Know When Enough is Enough
If you find yourself sleep-deprived, experiencing high levels of anxiety, or malnourished, you are doing too much. At that point, it is time to take a step back and re-prioritize your activities. You need time for yourself, so check to see what you can cut out of your schedule or postpone until after season.
Hot Tip: Employers like Athletes
If you are thinking of quitting your sport because it doesn’t fit into your career, think again. Employers actually prefer athletes over non-athletes as employees. Why? Because athletes possess a self-confident and competitive nature that helps them do their very best in the workplace.

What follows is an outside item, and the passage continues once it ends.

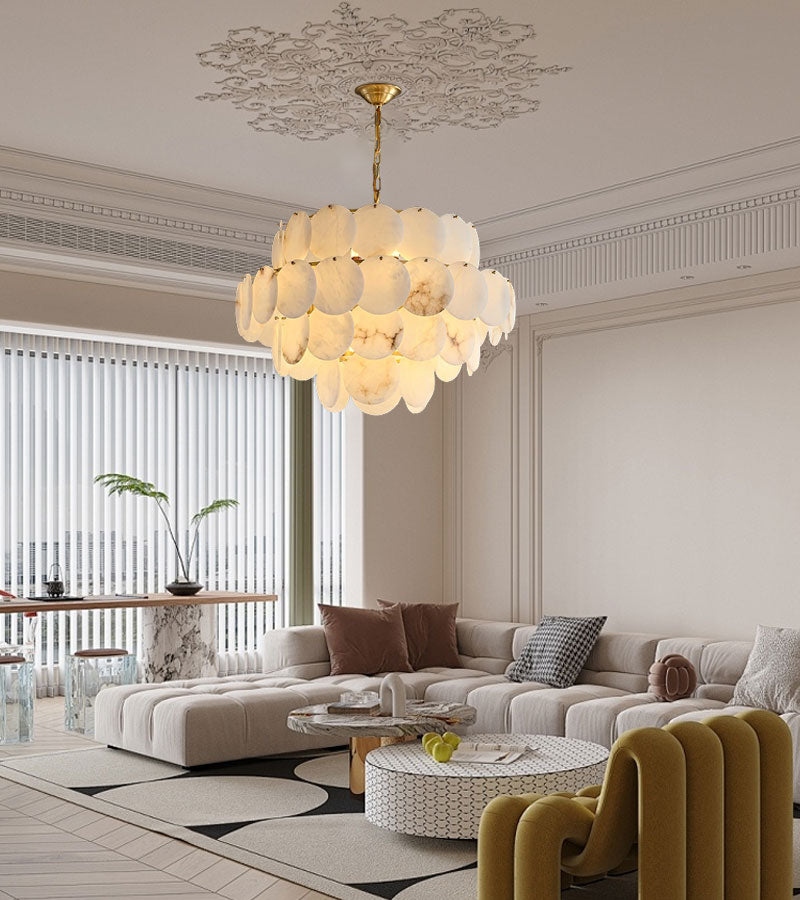 Multi layers Spanish White Alabaster Shell Marble Chandelier lamp in Brass

Also, if you held any leadership positions in your sport, put it on your resume! It shows employers that you have attributes that can’t be taught, like leadership and interpersonal group skills. So whether your goal is to become a professional athlete or an accountant, being an athlete will help you get there.
Talk it Out
If you ever feel overwhelmed, talk about it. Talk to your professors, coach, and teammates about how you feel. Chances are they’ve been through the same thing before. If you’re having a bad day because you’re exhausted, explain to your coach that you were up all night studying and that is why your performance was off. Or, talk to your professor if you have a game that conflicts with a test time. You can even ask your friends how they deal with their daily stress. Talk it out to work it out.
Have Fun!
Sports are fun. Sometimes you can get so wrapped up in all the responsibilities of life that you forget to enjoy yourself. Why did you join the sport in the first place? Was it to make friends? Win championships? Exercise? Whatever the reason, hold onto it during stressful times and remember why you became an athlete. If you lose your passion for playing, you’ll lose your abilities. So, remember to work towards your goals. Being a student-athlete will get you to the places you want to go.